• [WHAT TO PRODUCE] Copy out precisely the lines from the start of the data through the line with "深圳市尚慧興電子有限公司展臺", and keep pictures out of it.

• [DATA PROVIDED]
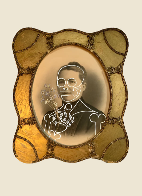 Intertwangled old Charcoal Portrait with Dried Violets from Butch's Garden. Framed with Glass
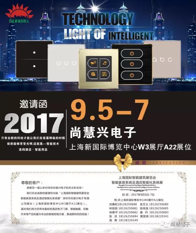 深圳市尚慧興電子有限公司展臺(上海新國際博覽中心W3展廳A22展位),本次展會我們將為您帶來新的定制電子門牌、智能觸摸開關、輕觸開關等產品和專業的智能控制方案,真誠期待您的蒞臨!
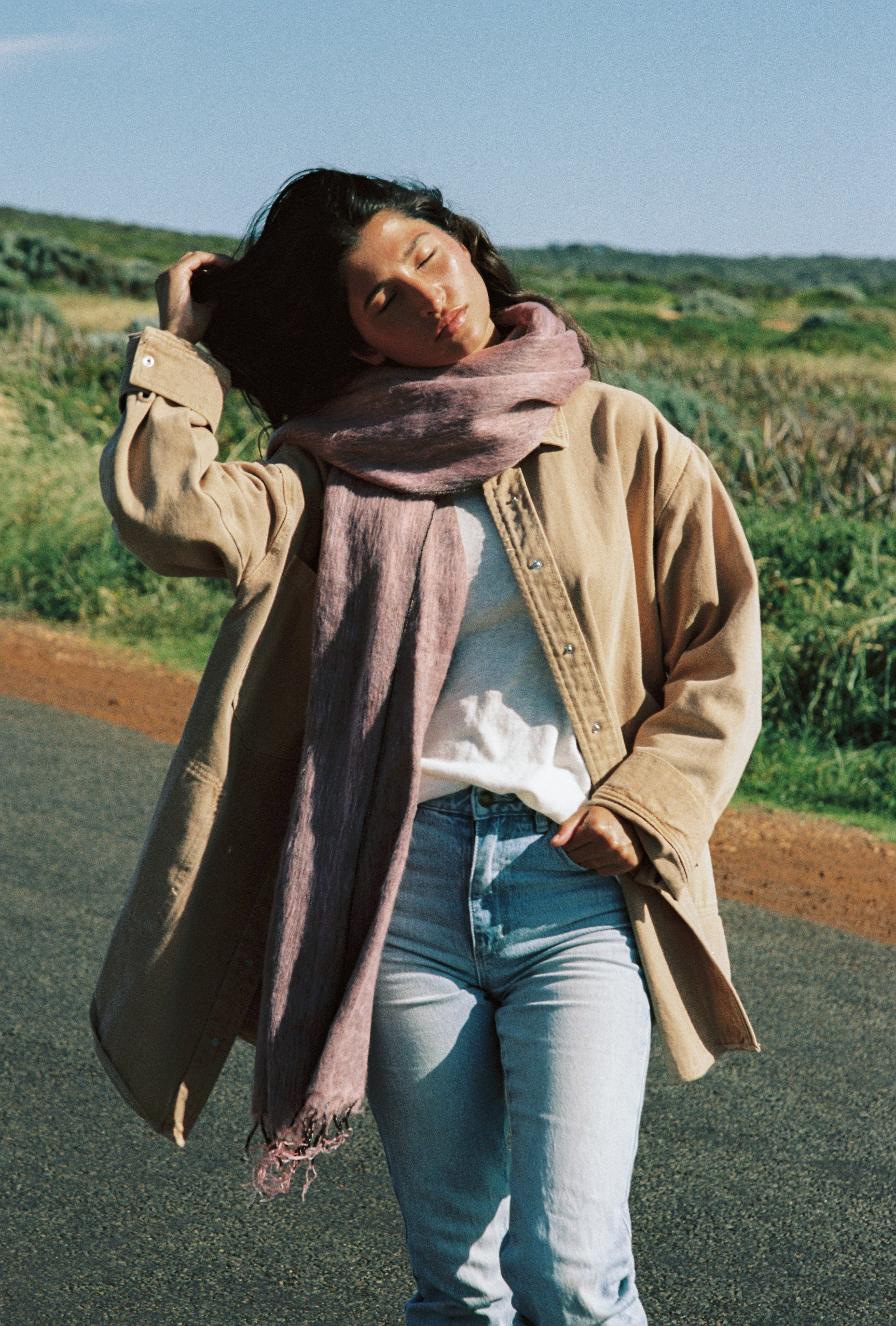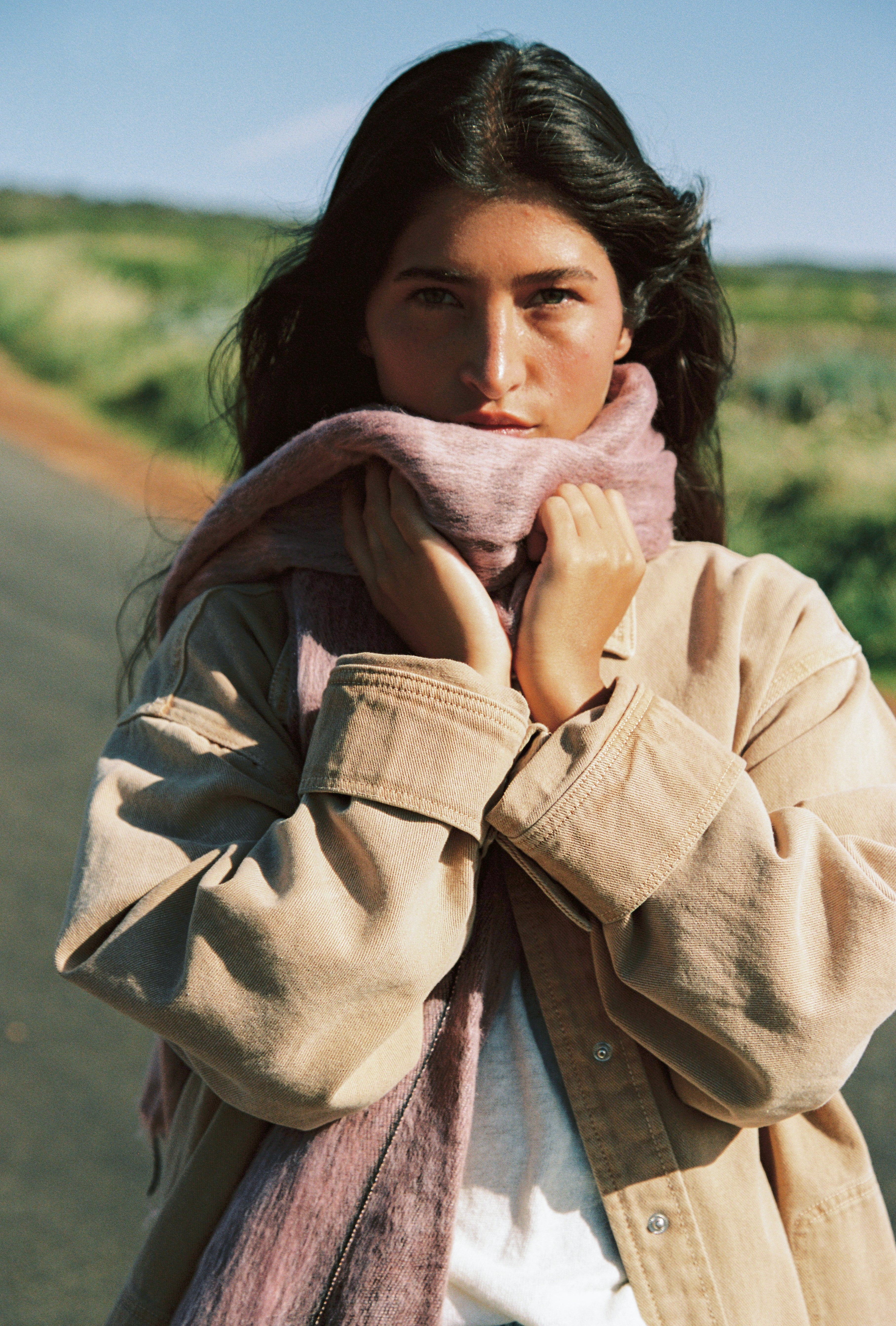 TERRAMAR: This campaign was captured close by, on the coastal stretch called “Wyadup”. Here, the raw elements of the land, comprised of granite rock formations, grassy pasture, and native coastal bush roll into the wild Indian Ocean. It was the perfect backdrop that encapsulates all that TerraMar means. “Terra” meaning Earth & “Mar” meaning Ocean.  From earthy tones to vibrant accents, reminiscent of TerraMar’s elements, this collection is a tribute to the captivating allure of the cooler months.

• [OUTPUT FOR THIS EXERCISE]
 Intertwangled old Charcoal Portrait with Dried Violets from Butch's Garden. Framed with Glass
 深圳市尚慧興電子有限公司展臺(上海新國際博覽中心W3展廳A22展位),本次展會我們將為您帶來新的定制電子門牌、智能觸摸開關、輕觸開關等產品和專業的智能控制方案,真誠期待您的蒞臨!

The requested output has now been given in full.